**TASK STATEMENT:**
Although the data below contains pictures, output only the lines between those holding "With a rare" and "The Kips Bay", inclusive, exactly and without those pictures.

**TASK MATERIAL:**
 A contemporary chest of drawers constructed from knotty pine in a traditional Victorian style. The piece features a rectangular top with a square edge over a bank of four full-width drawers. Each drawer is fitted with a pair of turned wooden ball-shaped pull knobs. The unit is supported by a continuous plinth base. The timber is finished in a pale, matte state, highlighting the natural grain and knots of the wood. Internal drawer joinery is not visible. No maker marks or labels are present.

* * *

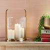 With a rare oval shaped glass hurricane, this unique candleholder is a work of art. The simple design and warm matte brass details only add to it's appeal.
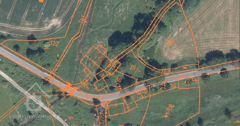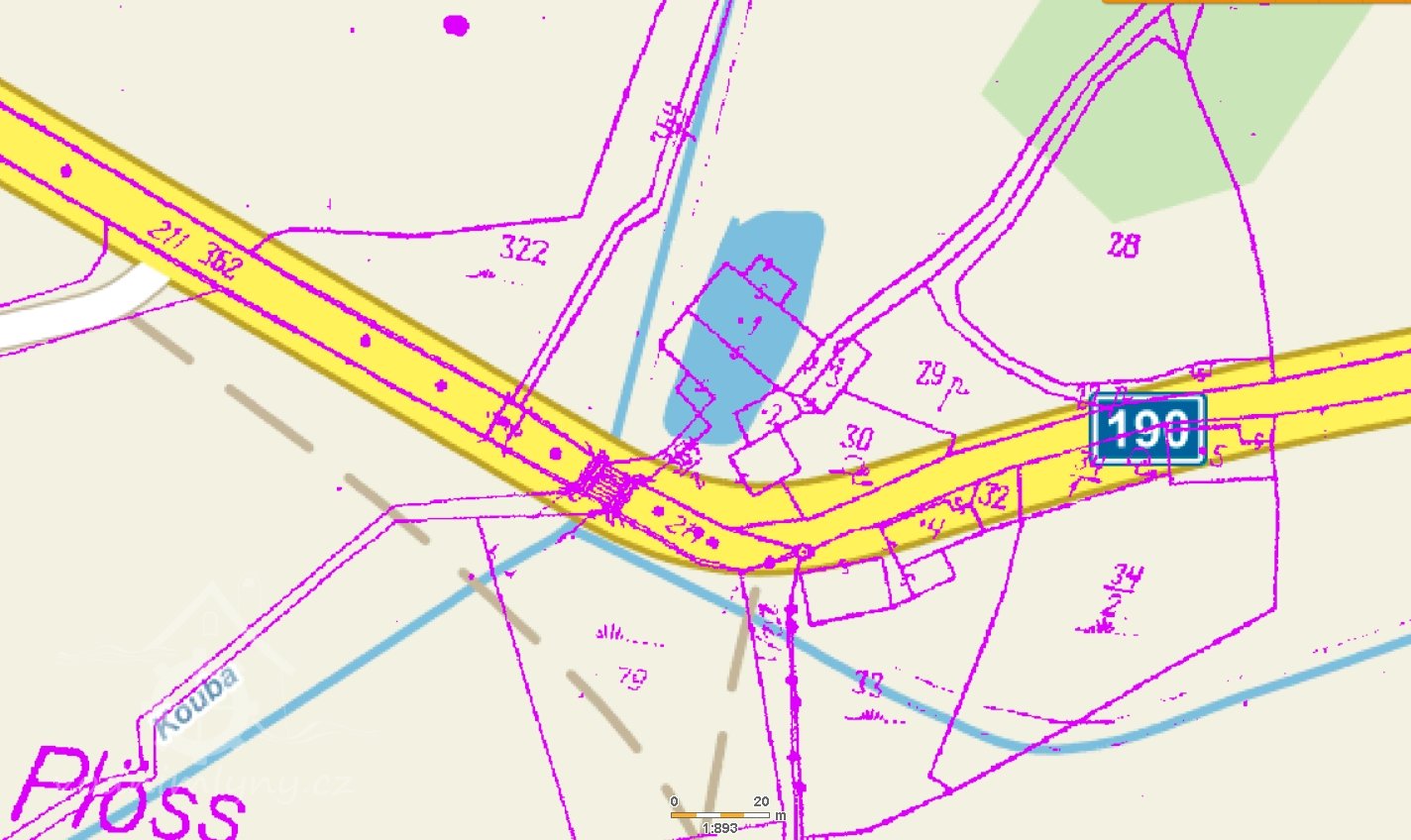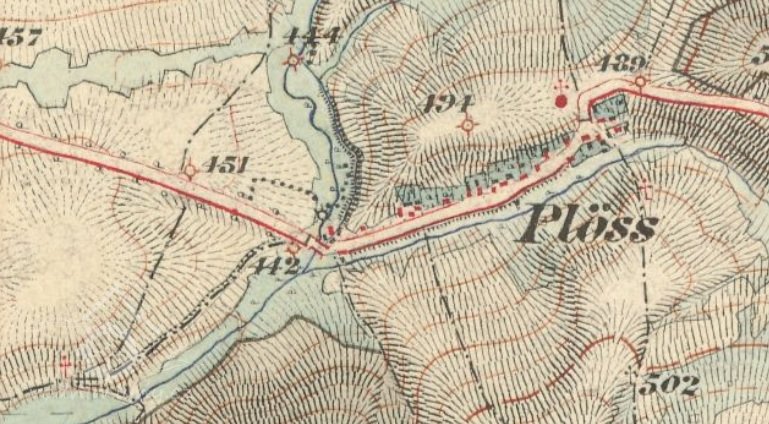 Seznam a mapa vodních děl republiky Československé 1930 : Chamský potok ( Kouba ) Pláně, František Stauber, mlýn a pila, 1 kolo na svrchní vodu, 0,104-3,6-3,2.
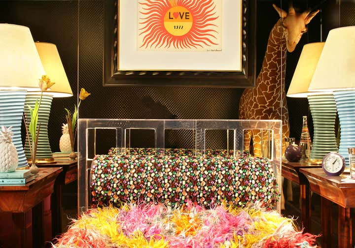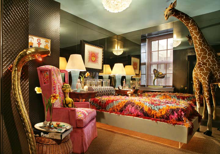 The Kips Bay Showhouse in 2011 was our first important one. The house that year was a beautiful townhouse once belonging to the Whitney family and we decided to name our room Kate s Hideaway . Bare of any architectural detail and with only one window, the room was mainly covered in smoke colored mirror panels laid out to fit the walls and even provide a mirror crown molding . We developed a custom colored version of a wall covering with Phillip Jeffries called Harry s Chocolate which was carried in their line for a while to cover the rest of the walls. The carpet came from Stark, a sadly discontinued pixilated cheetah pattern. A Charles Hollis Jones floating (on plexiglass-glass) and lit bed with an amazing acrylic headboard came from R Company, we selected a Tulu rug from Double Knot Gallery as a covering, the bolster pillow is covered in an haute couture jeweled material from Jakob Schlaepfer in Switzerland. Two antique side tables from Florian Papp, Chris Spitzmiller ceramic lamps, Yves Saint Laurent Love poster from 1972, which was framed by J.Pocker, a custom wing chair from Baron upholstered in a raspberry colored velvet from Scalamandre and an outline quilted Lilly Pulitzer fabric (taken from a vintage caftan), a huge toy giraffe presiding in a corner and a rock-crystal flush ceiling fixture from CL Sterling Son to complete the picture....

**TASK RESULT:**
 With a rare oval shaped glass hurricane, this unique candleholder is a work of art. The simple design and warm matte brass details only add to it's appeal.
 Seznam a mapa vodních děl republiky Československé 1930 : Chamský potok ( Kouba ) Pláně, František Stauber, mlýn a pila, 1 kolo na svrchní vodu, 0,104-3,6-3,2.
 The Kips Bay Showhouse in 2011 was our first important one. The house that year was a beautiful townhouse once belonging to the Whitney family and we decided to name our room Kate s Hideaway . Bare of any architectural detail and with only one window, the room was mainly covered in smoke colored mirror panels laid out to fit the walls and even provide a mirror crown molding . We developed a custom colored version of a wall covering with Phillip Jeffries called Harry s Chocolate which was carried in their line for a while to cover the rest of the walls. The carpet came from Stark, a sadly discontinued pixilated cheetah pattern. A Charles Hollis Jones floating (on plexiglass-glass) and lit bed with an amazing acrylic headboard came from R Company, we selected a Tulu rug from Double Knot Gallery as a covering, the bolster pillow is covered in an haute couture jeweled material from Jakob Schlaepfer in Switzerland. Two antique side tables from Florian Papp, Chris Spitzmiller ceramic lamps, Yves Saint Laurent Love poster from 1972, which was framed by J.Pocker, a custom wing chair from Baron upholstered in a raspberry colored velvet from Scalamandre and an outline quilted Lilly Pulitzer fabric (taken from a vintage caftan), a huge toy giraffe presiding in a corner and a rock-crystal flush ceiling fixture from CL Sterling Son to complete the picture....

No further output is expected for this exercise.